Relator da ação penal que apura uma trama golpista voltada a impedir a posse do resultado eleitoral de 2022, Moraes também votou pela condenação de outros sete ex-integrantes do alto escalão do governo Bolsonaro.
“O líder da organização [Bolsonaro], exercendo cargo de chefe de Estado e chefe de governo da República Federativa do Brasil, uniu indivíduos de extrema confiança para a realização das ações de golpe de Estado e ruptura das instituições democráticas”, declarou Moraes ao final de seu voto, que durou cerca de cinco horas.

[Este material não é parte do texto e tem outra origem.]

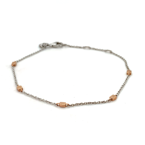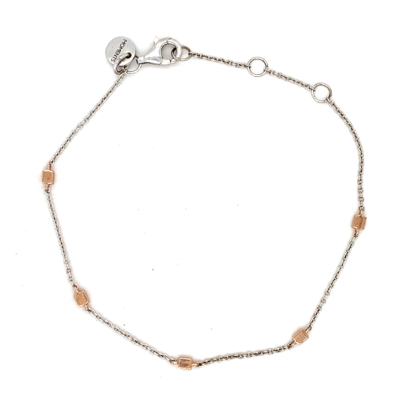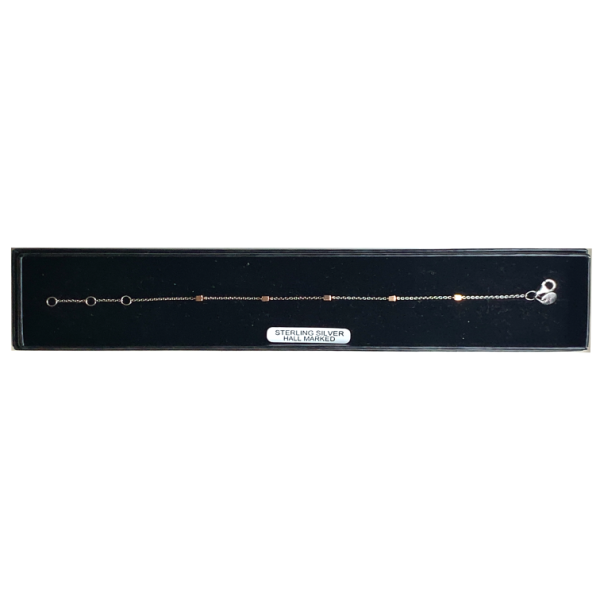 This dainty sterling silver bracelet features charming rose gold-plated beads, offering a soft and feminine touch. The contrast between the silver and warm rose gold creates a delicate, modern look. Perfect for layering or wearing alone, it’s an elegant accessory that adds subtle sophistication to everyday outfits.

O ministro apresentou 13 “atos executórios” e utilizou slides para detalhar provas documentais e depoimentos que, em sua avaliação, comprovam a atuação dos réus.
Principais pontos do voto
Moraes afirmou que não há dúvidas sobre a tentativa de golpe, citando os eventos de 8 de janeiro de 2023, quando as sedes dos Três Poderes foram invadidas e depredadas. Entre as provas, ele destacou registros que remontam a 2021, quando, segundo ele, o plano golpista começou a ser articulado.
O ministro relembrou, por exemplo, o discurso de Jair Bolsonaro no 7 de setembro de 2021, no qual afirmou que só deixaria o poder “morto ou preso”. “O líder do grupo criminoso deixa claro aqui, de viva voz, de forma pública, para toda a sociedade, que jamais aceitaria uma derrota democrática nas eleições”, enfatizou.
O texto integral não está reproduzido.